Users of Google Drive can potentially receive an email warning that a file of theirs “violates Google Drive’s Terms of Service,” specifically its copyright infringement policy. However, it appears that Google’s automated file scanning system has deemed a fairly common file as a false positive.
In posts to Reddit, as reported by Bleeping Computer, the system is being tripped up by “.DS_Store.” Specific to macOS, .DS_Store holds custom attributes relating to the folder it is contained within.

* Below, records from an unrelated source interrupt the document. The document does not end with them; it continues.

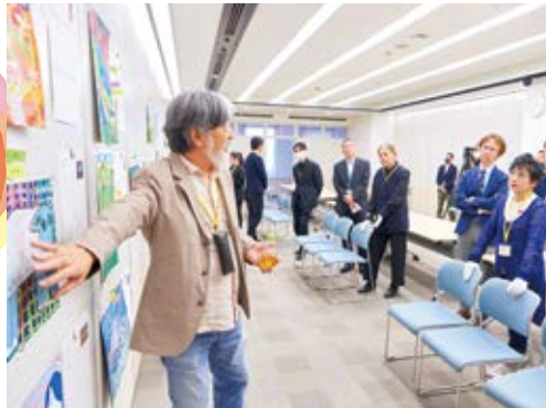
The final screening held on October 11th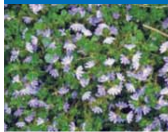
Scaevola aemula 'Mauve Clusters' (200mm)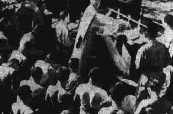
Troops board a Coast Guard manned transport en route to Makin for invasion of the Jap-held base...

Federal Operation Of Railroads Prospects New Offer by 15 Non-Operating Unions Adds Dash of Uncertainty To Labor Dispute.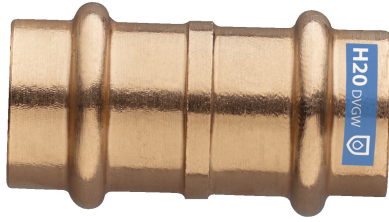
Bronze F/F adapter.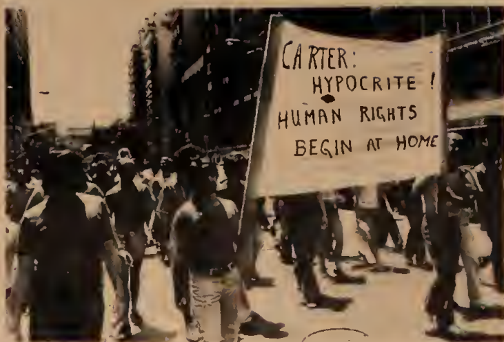
Tailing Carter's "human rights" campaign.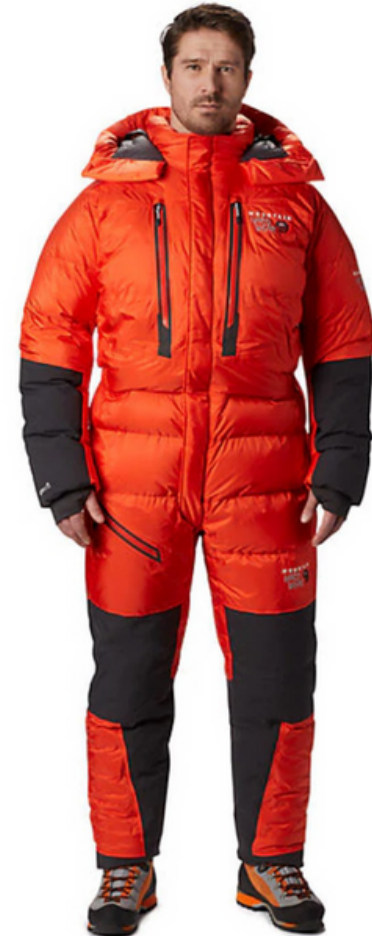
Mountain Hardware Absolute Zero Suit

Typically hidden from macOS users, the file does occasionally appear in specific cases, such as within a ZIP archive. While Finder does try to hide the file where possible, it can appear on cloud storage services when directories are uploaded, or to sometimes appear when other operating systems like Windows are used to examine a folder, depending on configured hidden file settings.
AppleInsider has been able to replicate the issue on an Intel Mac mini, using Google Drive. While attempts on a MacBook Pro and an Intel-based iMac didn’t work, it seems unlikely for it to be a problem affecting specific types of Mac.
It is thought that the problem could be caused through a match in hashes between the .DS_Store files and those of known copyrighted content, which could prompt the violation notice.
This is not the first time that Google Drive has manifested such a problem, as users in January found files that contained a few numbers were flagged for similar copyright violations.
A Google spokesperson said they had addressed the issue in January that “impacted a small number of Drive files,” including correcting the incorrect flagging and taking steps to stop it from happening again. “This is still correct for all new files, but we’re still updating some edge cases,” said the spokesperson.